2. Convolution feature extraction layer and DSCAttention mechanism
2.1 convolutional neural network based power stealing data replication feature extraction
The convolutional neural network for time sequence trend item and seasonal feature extraction of the invention is a part consisting of three continuous layers conv3-16, conv3-16 and depthwise3-16 in table 1. The first two conv3-16 layers of the section are conventional convolution layers, the size of the convolution kernel is 3, the number of output channels is 16, the last depthwise3-16 layer is a channel-by-channel convolution, and the combination of pointwise1-48 point-by-point convolutions in table 1 forms a depth separable convolution operation calculation process as shown in fig. 2.
2.2 Power stealing timing dependency learning based on DSCAttention mechanism
The DSCAttention mechanism consists of two layers, attention-8 and depthwise3-8 in Table 1. Attention-8 is a channel-by-channel multi-head self-Attention mechanism, and the specific calculation process of this layer is shown in FIG. 3. depthwise3-8 is a channel-by-channel convolution enhancement portion of channel-by-channel multi-headed self-attention, and the specific calculation of this layer is shown in fig. 4. While the Attention-8 and depthwise3-8 are collectively referred to as the DSCAttention depth separable convolution enhanced self-Attention mechanism, the overall computation of this part is shown in FIG. 5.
(1) Channel-by-channel self-attention mechanism
The attention mechanism is a method of considering global information. Convolutional neural networks generally have the disadvantage of having a strong ability to extract local information, while there is little consideration and concern for global information. In the electricity stealing time sequence data, the electricity utilization behavior of a user has long-time correlation, and local convolution cannot be used for learning the long-time correlation.
The Attention mechanism mainly comprises three types of Soft Attention, hard Attention and self-Attention, the Attention mechanism method used by the invention is a self-Attention mechanism, and the calculation method is a formula (1.4).
In the formula (1.4), Q, K and V are the input matrix X and the weight parameters are W respectively Q ,W K ,W V The self-attention distribution of the input matrix X can be calculated by bringing Q, K and V into the formula (1.4). The self-attention distribution calculation method used herein is a new multi-head self-attention mechanism method combined with the channel attention idea. The calculation process is shown in fig. 3.

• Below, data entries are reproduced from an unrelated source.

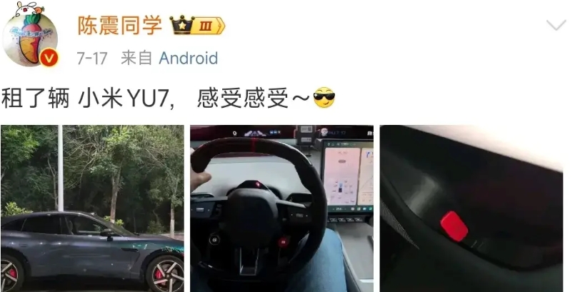 小米是真的不给车评人投商单吗,两个千万级的大V,闫闯自己买了YU7进行测评,陈震租了YU7进行测评。后者在SU7的时候已经和小米结下梁子了。闫闯说新车后门有异响,说自己被米粉恶意攻击,看这架势是打算和小米撕破脸啊。陈震没有买,租了一台,预告要感受感受,后面不知道还要出什么幺蛾子。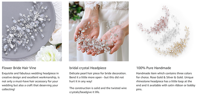 - Silver rhinestone wedding hair ornaments in unique design and excellent workmanship, made of crystal & flower & alloy wire. Party hair vine approx size: 9.84inches(25CM); 2 bobby pins and 1 ribbon for free. Silver, Gold and Rose Gold color for choose.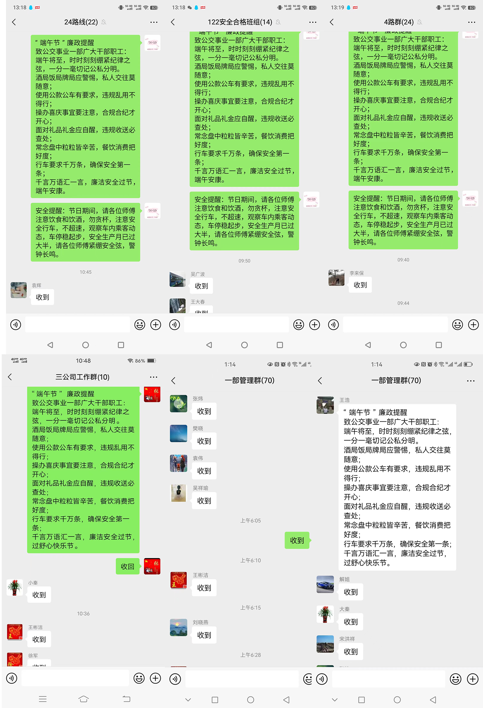 傳“廉”意,在警示提醒中筑牢思想防線。為筑牢廉政風(fēng)險(xiǎn)“防火墻”,公交事業(yè)一部采用群發(fā)微信工作群的方式,向所屬職工發(fā)送廉政微信,溫馨提醒中實(shí)現(xiàn)“廉政微信一條,警示教育一片”的良好效果。同時(shí)結(jié)合廉政文化向八小時(shí)以外延伸,向社會(huì)和家庭延伸,向黨員干部職工及轉(zhuǎn)發(fā)家屬形式開展廉政警示教育,引導(dǎo)干部職工家屬當(dāng)好“廉內(nèi)助”,常吹家庭“廉政風(fēng)”,念好家庭“廉政經(jīng)”,算好家庭“廉政賬”。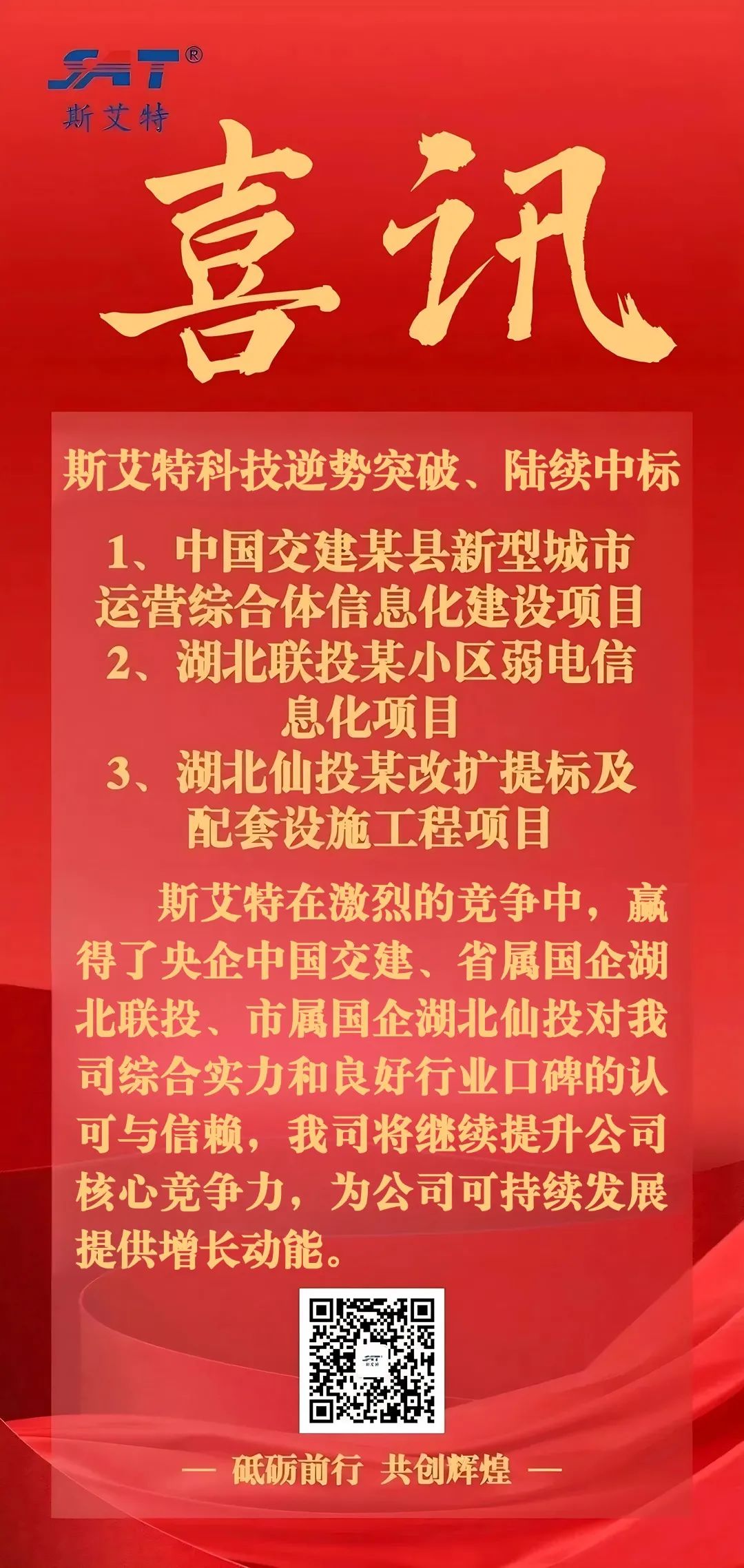 斯艾特科技成功中標(biāo)央企中國交建、省屬國企湖北聯(lián)投、市屬國企湖北仙投三大項目

(2) Convolution enhanced self-attention mechanism
The invention adopts the convolution enhancement idea of a Conformer model on the whole idea, modifies the structure micro thereof, changes the self-attention part thereof into a channel-by-channel self-attention calculation method used herein, and optimizes the convolution enhancement part for 2D convolution operation. The convolution enhanced self-attention mechanism is shown in fig. 4.
(3) Depth separable convolution enhanced self-attention mechanism
Since the self-attention mechanism used in the invention is a channel-by-channel self-attention method, the conventional convolutional neural network of the convolutional enhancement part is replaced by a channel-by-channel convolutional neural network, so that a self-attention method DSCAttention based on depth separable convolutional enhancement is formed, and the calculation process of the method is shown in figure 5.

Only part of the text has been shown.